SR SSD 2000-24
Experiences from SCRAPE 99
The National Weather Service Strategic Plan through 2005 places emphasis on providing improved mesoscale warning and forecast products. This is sensible, given the majority of the nation's destructive weather evolves over life cycles of less than 12 hours. While much of the NWS mission has been assumed by techniques that are largely automated (medium and long-range NWP, for example), the arena of short-term prediction has remained a secure province of the forecasters. The determination of quantitative precipitation within the 0-18 hr time frame in particular remains a crucial forecaster pursuit at both NCEP and WFO levels.
AWIPS, WSR-88D, GOES imagery and derived products, profilers, surface mesonets, ACARS soundings, RUC/MAPS assimilation systems ... the list goes on and on. Thanks to NWS modernization, WFO forecasters can choose from a veritable smorgasbord of observation, analysis and display resources when assessing the mesoscale environment.

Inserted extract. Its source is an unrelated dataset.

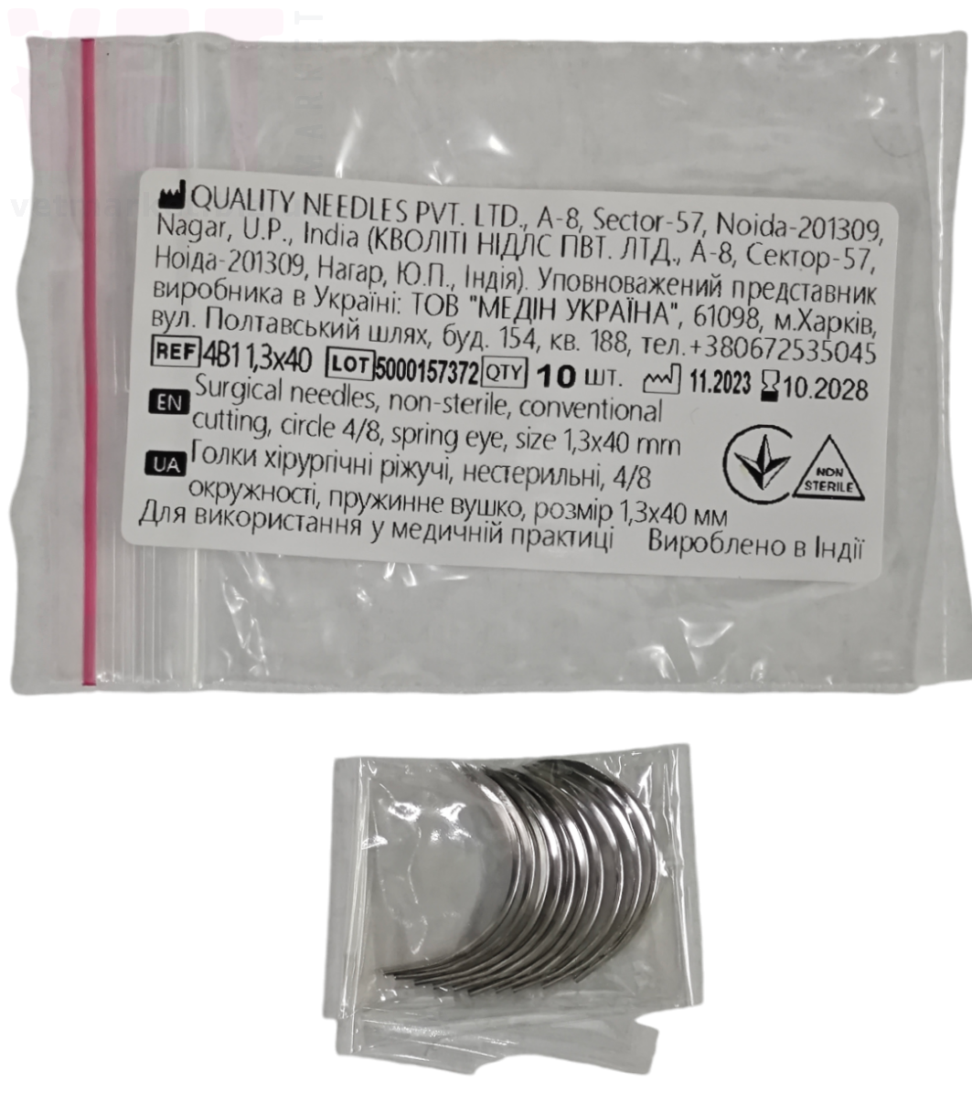 Голка хірургічна ріжуча, нестерильна 4В1 1,3*40 мм

More important, high-resolution model output is providing some tantalizing glimpses beyond the 0-3 hr time frame during which convection can be realistically predicted by means of extrapolation alone.
Concurrent with these new tools come increased expectations regarding the accuracy of mesoscale-oriented products and services. Today's line forecaster is being asked to provide longer-lead warnings, more accurate QPFs for significant rainfall, and better all-around short-term forecasts. But is this improvement in fact happening, or is it even realistic to expect it to happen given the observational limitations that currently exist at these temporal and spatial scales? Before we develop long-term plans and build user expectations, it is important that we quantify the accuracy of the short-term forecasts which WFOs currently provide, particularly those related to convective precipitation. How best do we improve the process by which we generate and disseminate these products so that we can maximize: a) user value, and b) cost-effectiveness as we enter this era of shrinking human and financial resources? As we explore this issue, the following are some other questions we might consider.

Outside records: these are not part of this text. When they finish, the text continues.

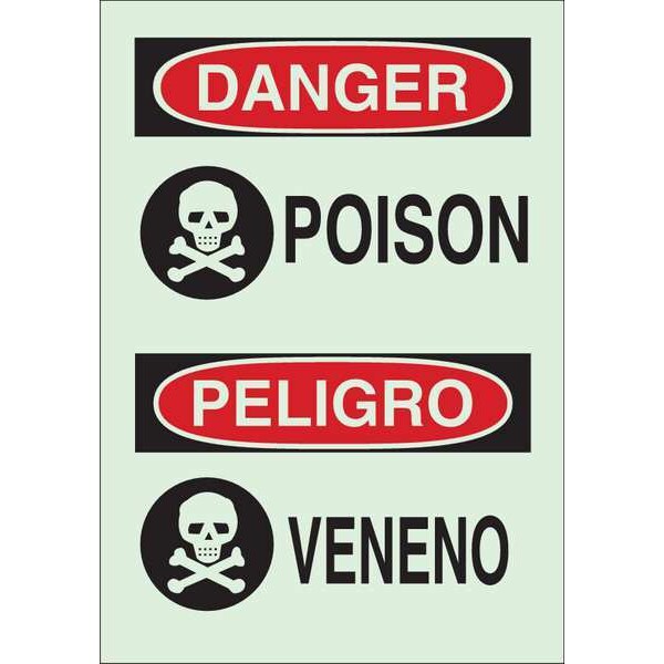 Danger Sign, Sign Subject Matter Chemical, Gas or Hazardous Materials, Height 10 in, Width 7 in, Sign Material Polyester, Sign Mounting Style Adhesive Surface, Header Danger/Peligro, Legend Poison/Veneno, Printed Language English, Spanish, Sign Shape Rectangle
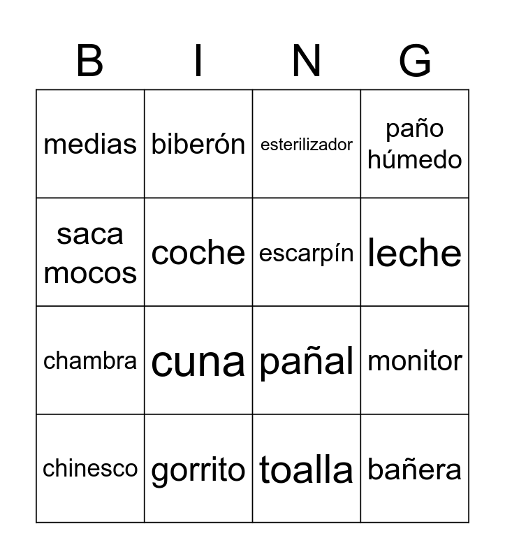 This bingo card has 20 words: monitor, cambiador, esterilizador, pañalera, chinesco, saca mocos, gorrito, medias, chambra, biberón, cuna, pañal, coche, bañera, escarpín, manta, leche, paño húmedo, toalla and chupón.
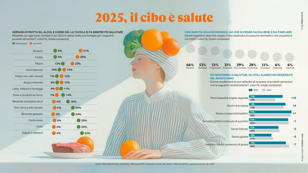 E infatti nella crescita delle intenzioni di consumo alimentare prevalgono (almeno nelle intenzioni) le diete più salubri con un maggior contenuto di verdure (31%), frutta (28%) e pesce (23%), mentre appaiono in calo soprattutto salumi (33%), dolci (29%), carni rosse (29%) e bevande alcoliche (24%). Avanguardia di queste tendenze i giovani (18-25enni) che dichiarano di voler acquistare nel 2025 cibo plant-based o comunque di origine vegetale nell’85% dei casi contro il 70% degli over 26 (26-70enni). Interessati anche al senza glutine più degli altri (29% vs 46%), si lasciano tentare più spesso anche dal ready to eat (76% vs 65%).
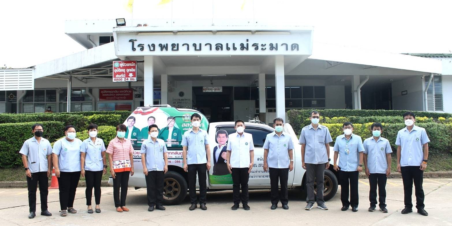 เพื่อใช้ในภารกิจป้องกัน ควบคุมโรคโควิด-19 และภารกิจที่เกี่ยวข้องอื่นๆ ในการบริการประชาชนในพื้นที่ โดยการ รับ-ส่ง ผู้ป่วยโควิด-10 เพื่อลดปัญหาผู้ป่วยโควิด-19 ไม่มีรถ เดินทางมาโรงพยาบาล หรือ ศูนย์ดูแลโควิต-19 ในชุมชน (Covid-19 Care Center โดยมอบให้โรงพยาบาลแม่ระมาด อำเภอแม่ระมาด จังหวัดตาก ไว้ใช้ในการดำเนินการต่อไป

To answer questions such as these, WFO Birmingham has undertaken a multi-year operational exercise known as SCRAPE, the Summer Convective Rainfall in Alabama Precipitation Experiment. This project is part of a broader COMET-sponsored collaboration between the Birmingham office and the Global Hydrology and Climate Center (GHCC) in Huntsville, Alabama. The primary long-term goals of SCRAPE are as follows.
This paper briefly discusses some of the methodology and preliminary findings from SCRAPE during 1999 (hereafter referred to as SCRAPE99), as well as future plans for the project.
2. Forecast Methodology
SCRAPE is a multi-year operational project being conducted at WFO Birmingham during the summers of 1999, 2000, and 2001. Essentially, SCRAPE99 was a shakedown for the overall project; its main purpose was to expose any bugs existing in the project methodology. Between early June and late August 1999, five meteorologists produced 24 short-term precipitation forecasts for the Birmingham county warning area (CWA). Each package was prepared around midday, and consisted of a pair of probabilistic QPFs valid for the 12-hr period from 1800 to 0600 UTC. The first of these, referred to as CAT1, graphically depicted the probability of measurable precipitation at any given spot within the CWA. The second product (CAT2), represented probabilities of precipitation meeting or exceeding 1.00" at any given point across the area.

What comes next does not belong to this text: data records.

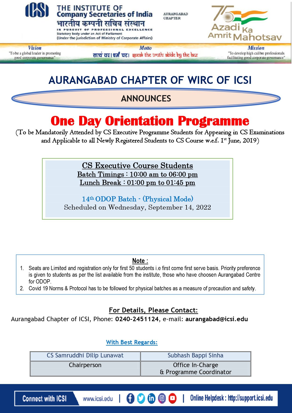 14th Batch - One Day Orientation Programme (ODOP) - (Physical Mode) scheduled to be held on 14/09/2022 at 10:00 am
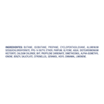 Composição: Butane/isobutane/propane, Aluminum Chlorohydrate, Cyclomethicone, Ppg-14 Butyl Ether, Parfum, Disteardimonium Hectorite, Caprylic/capric Triglyceride, Hydrated Silica, Gelatin Crosspolymer, Aqua, Cellulose Gum, Sodium Benzoate, Pvm/ma Copolymer, Sodium Starch Octenylsuccinate, Maltodextrin, Hydrolyzed Corn Starch, Silica, Dimethiconol, Bambusa Vulgaris Extract, Alpha-isomethyl Ionone, Benzyl Salicylate, Butylphenyl Methylpropional, Cinnamyl Alcohol, Citronellol, Coumarin, Geraniol, Hexyl Cinnamal, Limonene, Linalool.
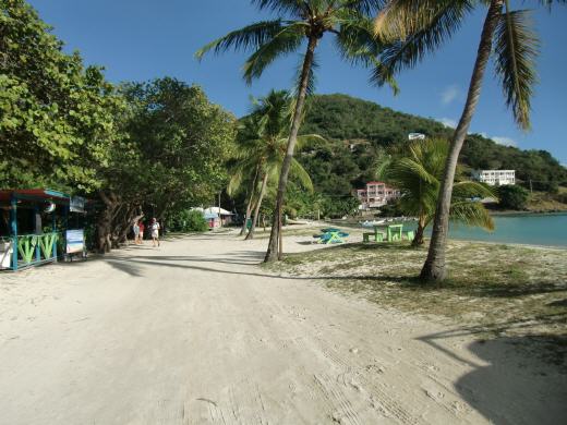 Am 29.01. verlassen wir Nevis. Unser Ziel ist Tortola, eine Insel der British Virgin Islands (BVI). Nach 22h Fahrt gehen wir in Road Harbour vor Anker. Die BVI sind ein Segelparadies und es wimmelt hier von Charteryachten. Eine Art segelnder Massentourismus erwartet uns. Am Dinghiponton lernen wir Bill kennen. Er ist Brite und lebt hier mit seiner Frau Ann auf seinem Boot. Bill telefoniert für uns mit dem Hafenmeister einer kleinen, verwaisten Marina und vereinbart einen Termin zum Wasser bunkern. Danach nimmt er uns mit seinem Auto ein Stück mit, um uns die wichtigsten Dinge zu zeigen: Müllcontainer, Bank, Zoll- und Einreisebehörden und eine Wäscherei. Bei der Frage nach der Wäscherei kommt natürlich gleich die Gegenfrage, ob wir Klamotten oder Geld waschen wollen! Die BVI sind sozusagen die Schweiz der Karibik. Hier soll es mehr Briefkastenfirmen als Einwohner geben. Am Freitagabend gehen wir in eine gemütliche Bar, was zur Folge hat, dass wir am Samstag bis zum späten Mittag schlafen. Die Cocktails hier können durchaus geringe Spuren von Säften enthalten. Rum und Co haben aber den größeren Anteil. Nach dem Frühstück um 15 Uhr! stöbern wir etwas im Hafenhandbuch und entdecken die Insel Jost Van Dyke, nur 15Meilen entfernt. Hier soll samstags in Foxy´s Strandbar richtig Party sein und wir wollen mal wieder tanzen. Also: es bleibt keine Zeit. Der Anker muss hoch und ab geht’s nach Great Harbour. Foxy´s Bar ist legendär und voll mit Seglern aller Nationen. Hier wird allabendlich gefeiert und auch VIPs wie John Travolta und Ted Kennedy wurden hier schon gesehen. Die anderen Bars haben dagegen einen schweren Stand. Es wimmelt in der Bucht vor Segelyachten, ansonsten ist der Name Great Harbour etwas übertrieben. Die Hauptstrasse besteht aus festgefahrenem Sand, auf der einen Seite der Strand und auf der anderen Seite die Bars, zwei Minimärkte, eine Bäckerei und die Polizeistation.
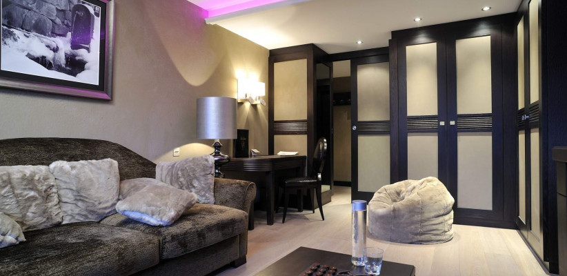 В отеле 85 номеров, люксов и апартаментов, оформленных в савойском стиле с элементами современной роскоши. Интерьеры выполнены в теплых тонах, с натуральным деревом и мягким освещением, что создает уютную альпийскую атмосферу.
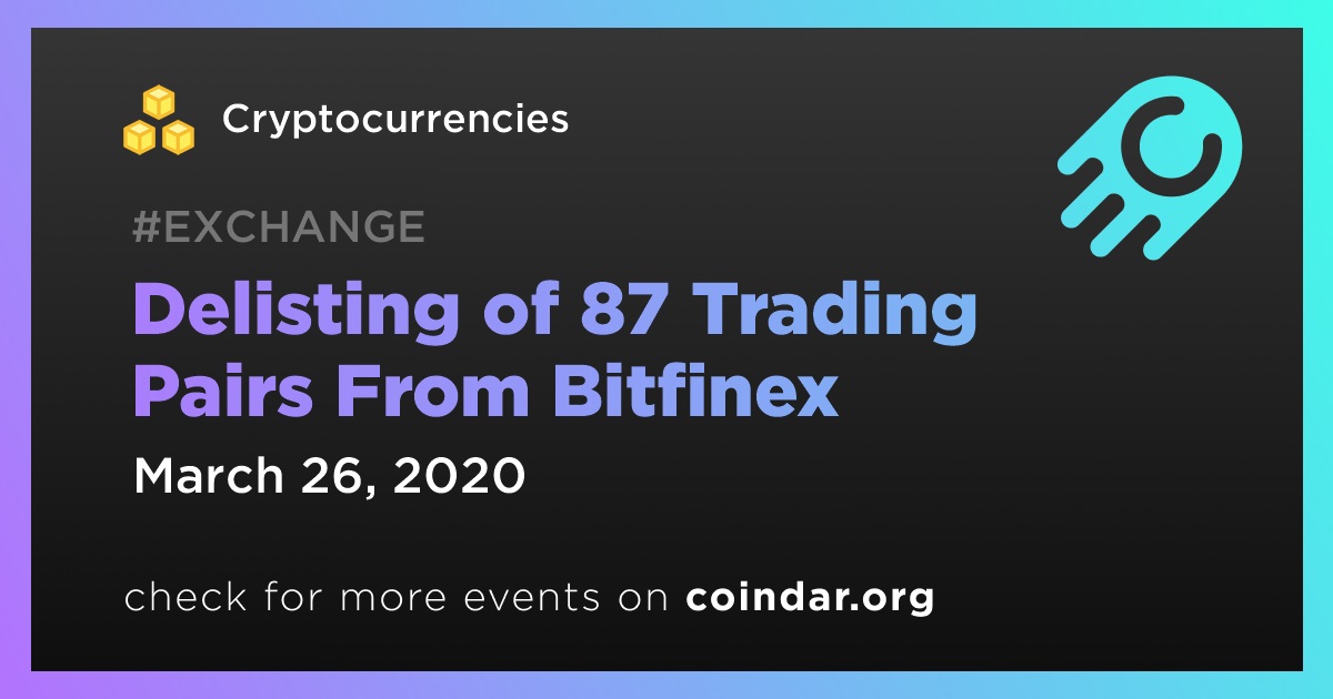 Bitfinex will remove 87 trading pairs, commencing on 26/03/2020, to optimize the trading experience for our user base.
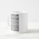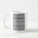 Enjoy your coffee with this striking black and white mug featuring a seamless textile sampler pattern. The design mimics stacked rows of bohemian knit and woven trims, including chevrons, waves, chains, and geometric stitching for a modern folk-art feel.
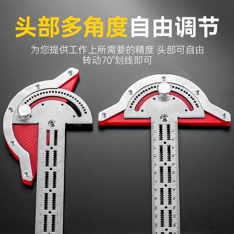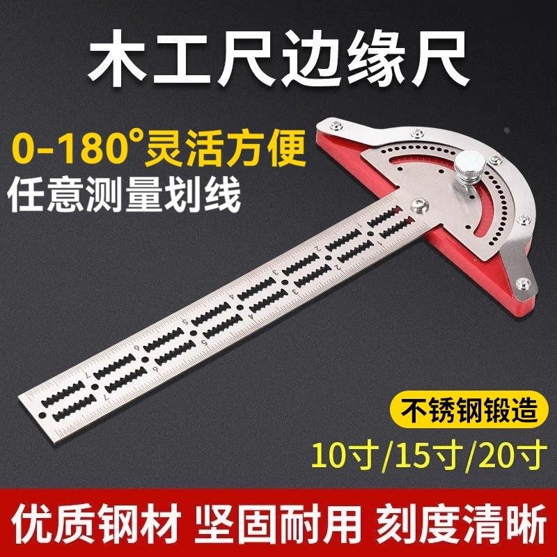 多功能木工尺边缘尺设计角度尺不锈钢尺测量工具半圆活动量角角尺
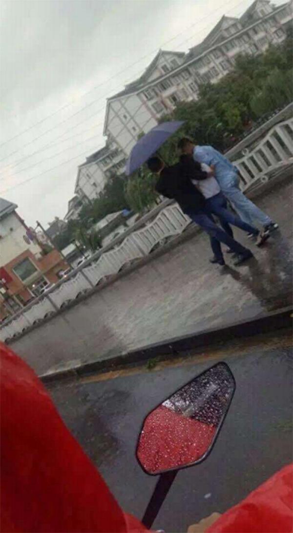 當(dāng)日下午6時(shí)許,小唐正騎著電動(dòng)車前往商家取餐,途經(jīng)都江堰市一環(huán)路柏條河橋路段時(shí),橋上人行道的兩名可疑男子引起了他的注意?!爱?dāng)時(shí),有兩個(gè)男的撐著傘,兩人之間還架著一個(gè)年輕的女娃娃?!拔耶?dāng)時(shí)已經(jīng)過他們了,但聽到一個(gè)男子說‘你不聽話就弄死你’,我一下就覺得不對勁了?!毙√平榻B,隨后他放慢了車速,來到了三人的身后側(cè)方位置,慢慢地跟隨在后方,同時(shí)掏出手機(jī),拍下了三人的照片?!爱?dāng)時(shí)想這個(gè)女娃娃肯定是遭到了綁架,拍照可以作為證據(jù)。”

Each forecaster was asked to follow a standard methodology in preparing the QPF products. Utilizing an auxiliary AWIPS workstation adjacent to the operations area, he or she first evaluated all available observed data, including upper air analyses and soundings, surface analyses, and satellite and radar imagery. This was followed by an assessment of all available model output, including Eta, RUC, and MM5 products. In support of this project, the GHCC established an MM5 mesoscale model domain over Alabama and central Tennessee with a grid spacing of 12 km. Output from these real-time runs was made available to WFO forecasters via FTP during the late morning hours, and were viewed using NTRANS software. After perusing the observed and modeled data, the forecaster prepared a graphical composite chart, similar to the "mesocasts" produced by the Olympic support group at the 1996 Summer Games in Atlanta. This map delineated all features which might play a role in the formation and evolution of convection during the subsequent hours, including boundaries, cloudy/clear interfaces, upper-level features, etc. The forecasters also wrote a short synopsis to accompany this graphic. As a final step after completing the graphical QPFs, the participants filled out a questionnaire soliciting their opinions on the value of the Eta, RUC, and MM5 output available for their forecasts, as well as their confidence in that day's ZFP (zone forecasts) and SCRAPE products.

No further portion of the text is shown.